By David Shepardson and Daniel Trotta
(Reuters) - The fatal derailment of an Amtrak train south of Seattle on Monday could intensify scrutiny of the national passenger railroad company's safety record, which was already under harsh criticism following a series of fatal incidents.
The cause of Monday's accident, which killed at least three people, has yet to be determined, and it could take months for investigators from the U.S. National Transportation Safety Board to reach a conclusion.
Just last month, the chairman of the NTSB issued a scathing critique of Amtrak's culture, saying a future breakdown was likely, and the board made nine safety recommendations.
"Amtrak's safety culture is failing and is primed to fail again, until and unless Amtrak changes the way it practices safety management," NTSB Chairman Robert Sumwalt said in a statement on Nov. 14.
Sumwalt's statement was made when the NTSB issued its findings on a fatal Amtrak accident in April 2016 in Pennsylvania, which it said was caused by "deficient safety management across many levels of Amtrak and the resultant lack of a clear, consistent and accepted vision for safety."
There was no indication that any of the same issues played a role in the Washington crash.
In the Pennsylvania accident, an Amtrak train struck a backhoe working on railroad tracks in Chester, Pennsylvania, killing two maintenance workers and injuring 41. It occurred a few miles south of the site of a May 2015 derailment in which eight people were killed and more than 200 injured.
Sumwalt told a hearing the board's "investigation revealed more than two dozen unsafe conditions and not all of these were rule-breaking by frontline employees."
Amtrak this past summer named former Delta Air Lines Chief Executive Officer Richard Anderson as co-CEO. Anderson on a call with reporters on Monday said he would not speculate on the cause of the crash.
Anderson said Amtrak takes NTSB recommendations from investigations "very seriously" and was continuing to make investments that the NTSB recommended.
"Safety is the highest priority of the Amtrak board," Anderson said.
Amtrak said in a memo to employees in November seen by Reuters that it had been "transforming our safety culture" since the Pennsylvania incident and had made numerous reforms, including to communication, training, safety efforts and creating a team that conducts safety audits.
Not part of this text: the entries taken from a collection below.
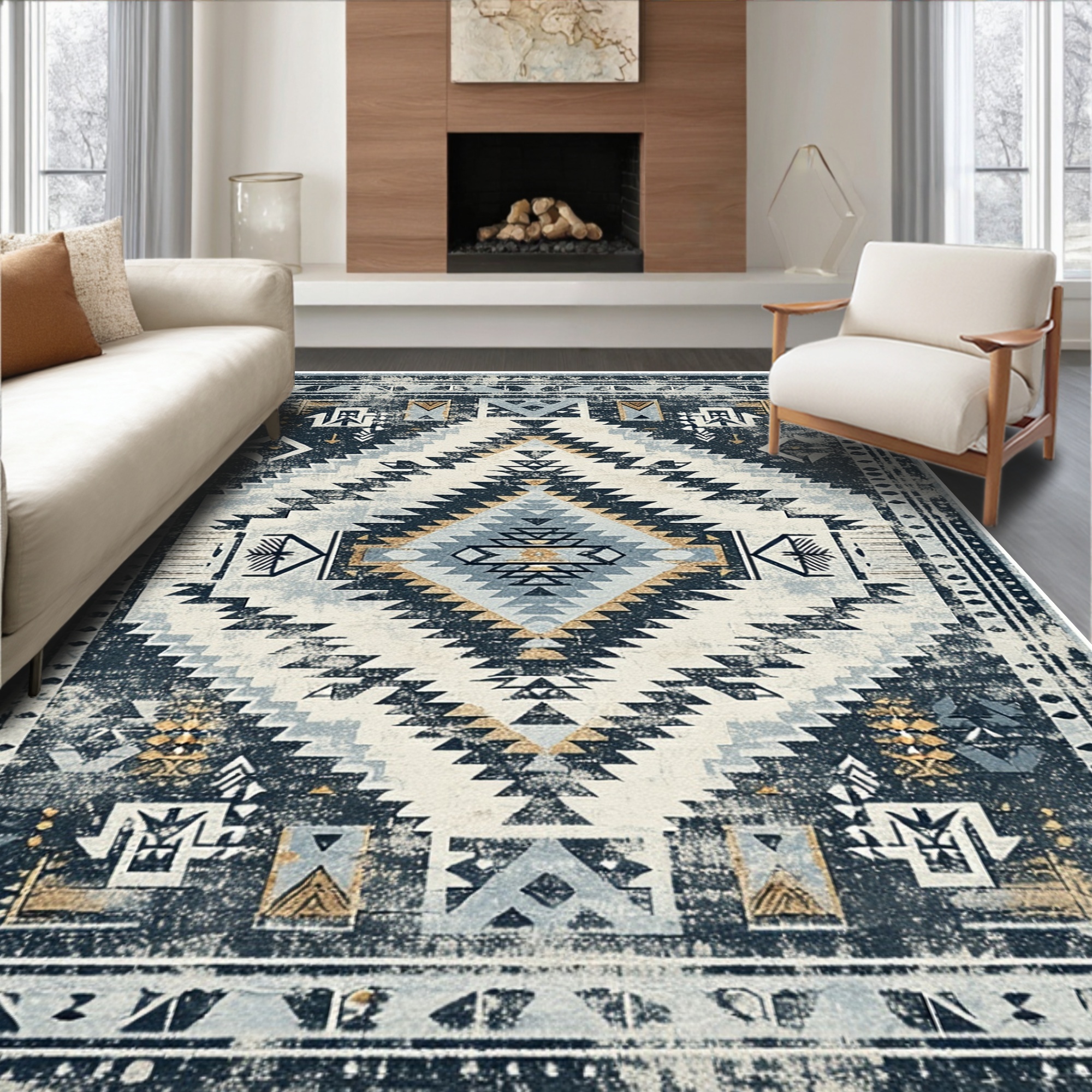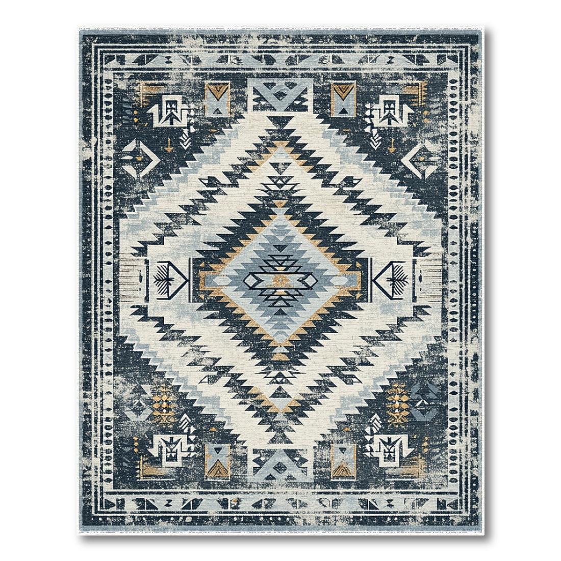 Distressed Navy Tribal Geometric Rug
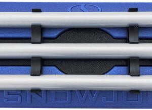 Snow problem! The Snow Joe snow broom model SJBLZD makes quick work of removing the snow piled on the roof, hood, trunk or windshield of your vehicle. Its patented dual-purpose design features an oversized 18″ Wide broom head on one end & a built-in ice scraper on the other, so you can quickly push heavy, wet snow off your car, truck or SUV, then clear away the ice build-up on your windshield with just one tool. Its durable, non-abrasive foam head safely & effectively sweeps snow off your vehicle without damaging its paint, trim or glass surfaces. Plus, its interlocking pole offers two length options — 33″ Or 52″ — to provide maximum reach with minimal strain & disassembles easily for compact storage. Weighing only 1 4 lb, the snow broom is super easy to handle & stores neatly inside the trunk of your car with its built-in bracket holders. Get equipped this winter with the Snow Joe snow broom & clear out fast from tough winter messes.
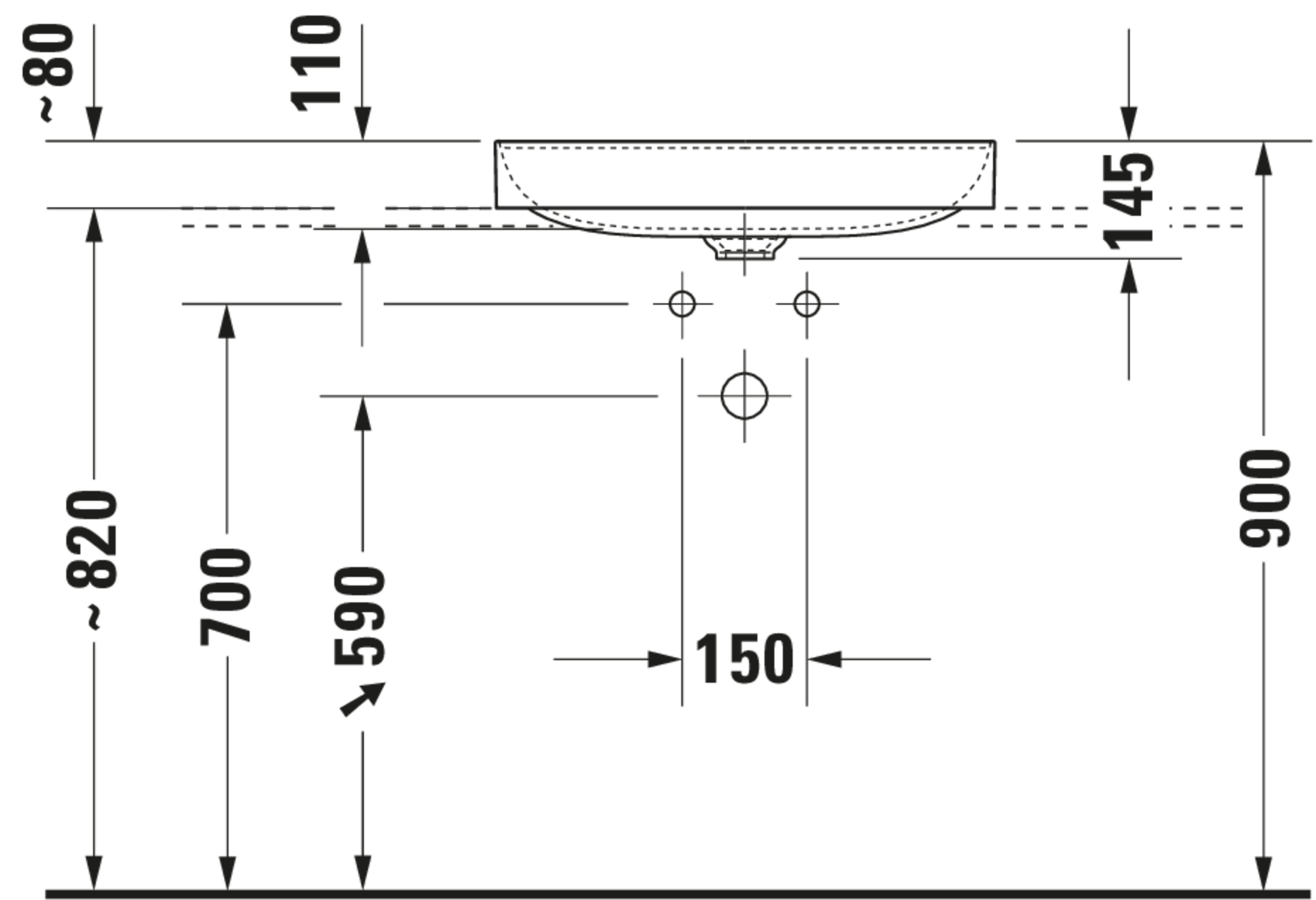 - Met afvoerplug en geïntegreerde overstort: Nee
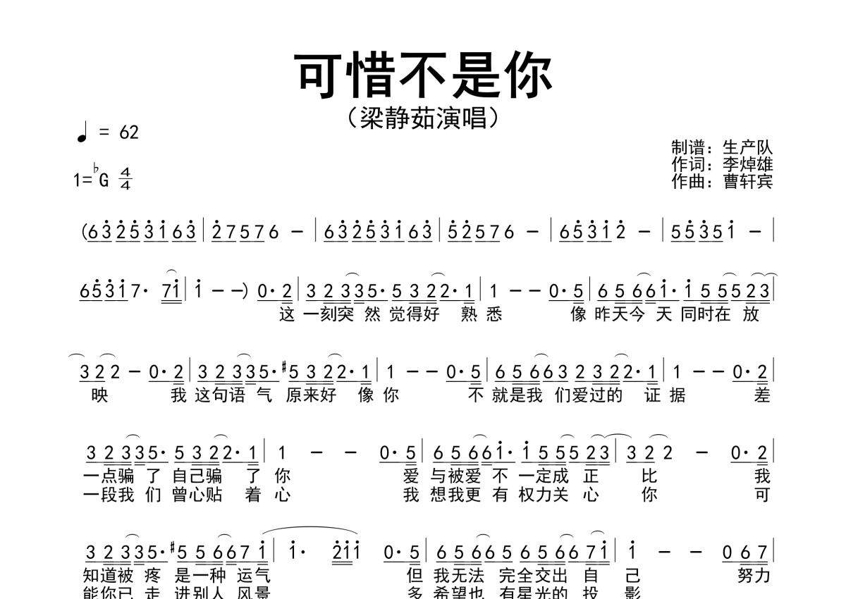 《可惜不是你》是梁静茹演唱的一首歌曲,拍号为4/4拍,歌曲速度为每分钟62拍,这份简谱共有一张高清图谱,图谱由 @生产队 编配上传梁静茹演唱的歌曲《可惜不是你》简谱。
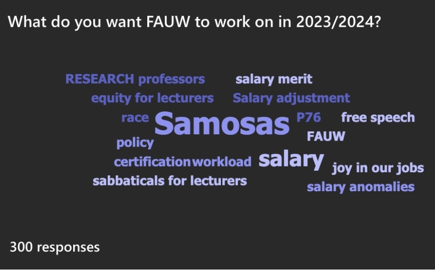 Finally, at our recent Spring General Meeting, I took a screen cap of the word cloud generated by the question: “What would you like FAUW to work on in 2023-24?”, and here’s what we got

It also expanded drug and alcohol testing.
SLOW ROLLOUT OF SAFETY SYSTEM
On Monday, a U.S. congressman from Washington state called attention to the slow rollout of Positive Train Control, a system designed to automatically stop a train to prevent derailments caused by excessive speed, collisions with another train or passage through misaligned tracks.
"We don't know that it could have saved lives ... but it is a disappointment to me that we're not further along in the implementation of installing PTC, positive train control," Representative Denny Heck, a Democrat, told CNN.
Congress had mandated the implementation of Positive Train Control nationwide by the end of 2015, then extended that deadline until the end of 2018 when its installation became more complex than anticipated.
"There is a money issue because while Congress mandated the implementation of PTC on the railroads they didn't give any money for it, so it is self-funded," said Allan Zarembski, director of the Railroad Engineering and Safety Program at the University of Delaware.
Zarembski cautioned against assigning blame for Monday's accident, noting that Amtrak does not own the track where the accident occurred.
It is owned by the Seattle-area Sound Transit agency.
"If there was anything related to the track or the interaction between the vehicle and the track, that probably has nothing to do with the Amtrak safety culture issues that the NTSB reported on," Zarembski said.
"The railways generally are very safe," he said. "I'm very reluctant to point the finger and say the railroads are a major problem here."
A spokesman for Sound Transit, Geoff Patrick, said the track had recently been upgraded to handle passenger trains from its prior use for slow-moving freight trains. The curving stretch of track where the accident occurred had a speed limit of 30 miles per hour, and the speed of the train that derailed was “a focal point of the investigation,” Patrick said.
He said Sound Transit was part of the incident response and was working with the NTSB in its investigation.